Ferrari-Marinho Taissa,Perucca Piero,Amiri Mina,Dubeau Francois,Gotman Jean,Caboclo Luis Otavio
Journal of clinical neurophysiology : official publication of the American Electroencephalographic Society
PURPOSE:In comatose patients, distinguishing between nonconvulsive status epilepticus and diffuse structural or metabolic encephalopathies is often challenging. Both conditions can generate periodic discharges on EEG with similar morphology and periodicity. We investigated the occurrence of high-frequency oscillations-potential biomarkers of epileptogenesis-on scalp EEG of comatose patients with periodic discharges in the EEG. METHODS:Fifteen patients were included. Patients were divided into three groups, according to underlying etiology: Group 1, seizure related; group 2, structural; group 3, nonstructural.

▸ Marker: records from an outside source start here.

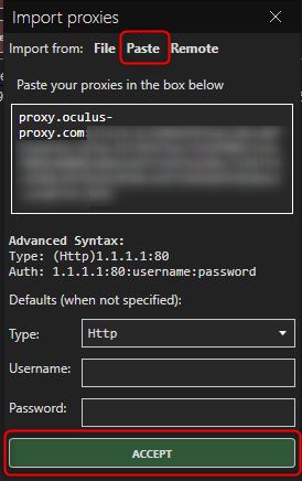 3. Switch to the Paste tab.4. Log in to your Oculus dashboard and click Show Configured List.5. Under the Generic tab, copy the provided proxy code.6. Return to OpenBullet and paste the proxy details into the proxies field.7. Once added, click Accept to confirm and save the settings.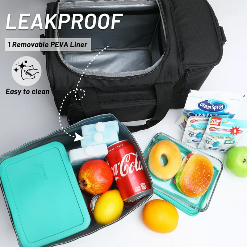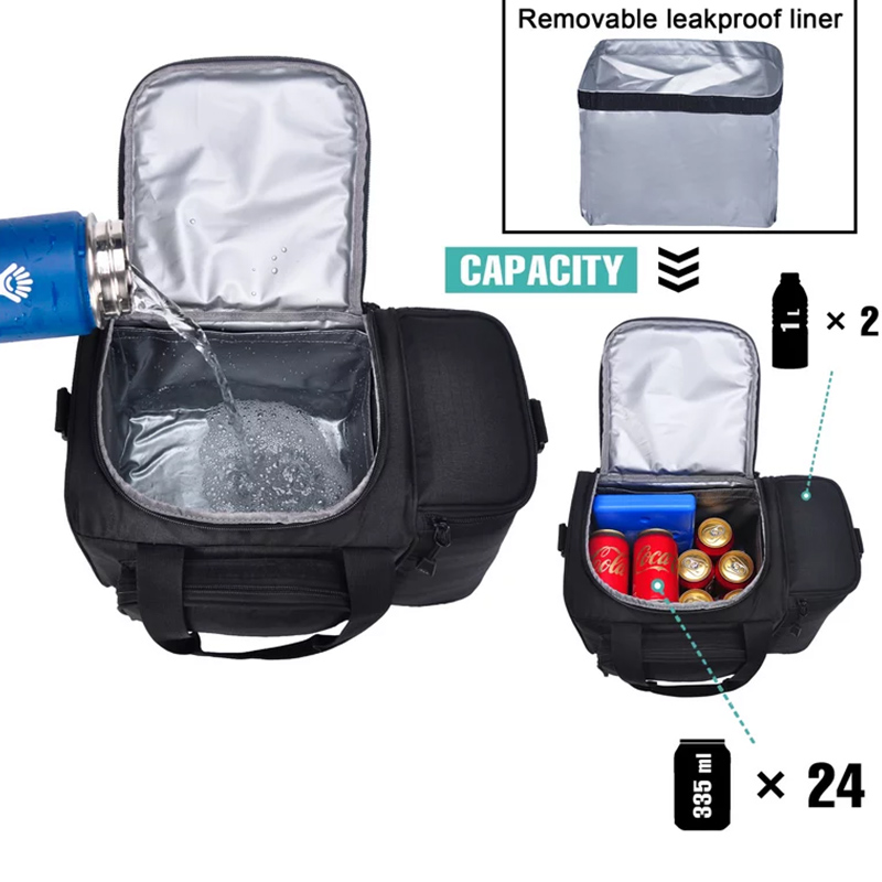 Akvorezistaj Malvarmaj Sakoj ---- La pli malvarmeta tote havas 1 forpreneblan sen-likan izolitan PEVA-tegaĵon kun Varme-veldaj kudroj por malhelpi flekseblajn tegaĵojn en la ĉefa kupeo; Bonvolu noti, ke la flanka kupeo estas "seka" kupeo, kiu ankaŭ estas izolita kaj akvorezista sed ne lika; Facila purigi.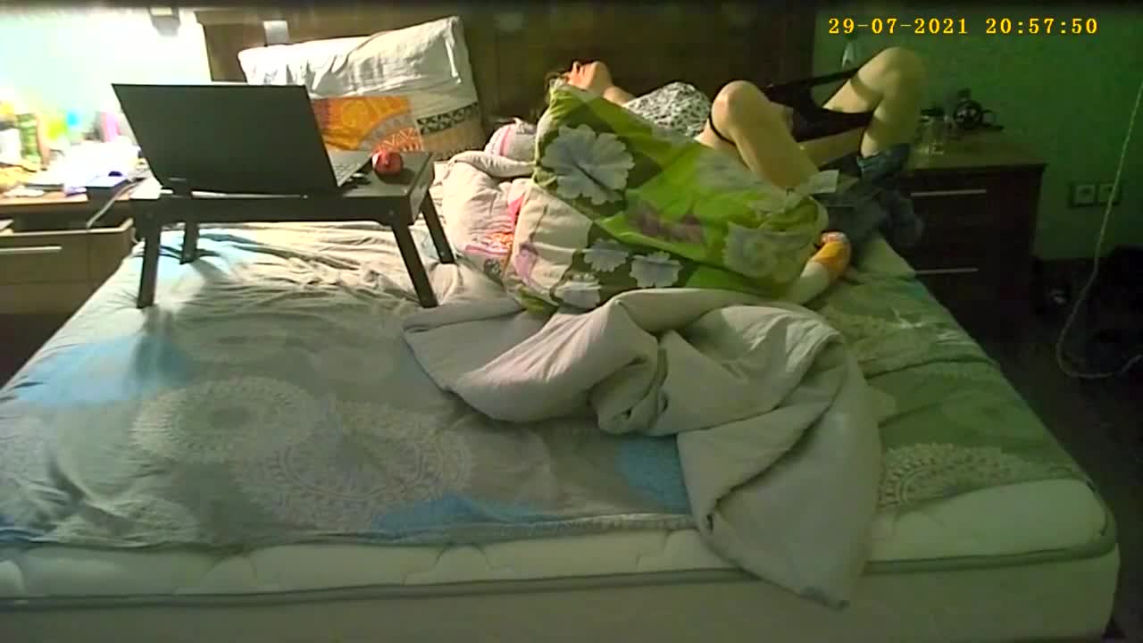 Женщина мастурбирует вибратором не зная о скрытой камере в спальне.

EEG recordings were compared with respect to the presence and rates of gamma (30-80 Hz) and ripples (80-250 Hz). RESULTS:Patients were 23 to 106 years old (median, 68 years); 60% were female. 206 channels were eligible for analysis (median, 15 channels/patient). Overall, 43% of channels showed gamma, and 24% had ripples. Group 2 showed the highest proportion of channels with gamma (47%), followed by group 1 (38%) and group 3 (36%). Mean gamma rates were higher in group 2 (4.65 gamma/min/channel) than in group 1 (1.52) and group 3 (1.44) (P < 0.001). Group 2 showed the highest proportion of channels with ripples (29.2%), followed by group 1 (15%) and group 3 (24.2%). Mean ripple rates were higher in group 2 (5.09 ripple/min/channel) than in group 1 (0.96) and group 3 (0.83) (P < 0.001). CONCLUSIONS:Fast oscillations, including high-frequency oscillations, can be detected in scalp EEG of patients with altered consciousness. High rates of fast activity may suggest an underlying structural brain lesion. Future studies are needed to determine whether fast oscillations in the setting of acute/subacute brain lesions are a biomarker of subsequent development of human epilepsy.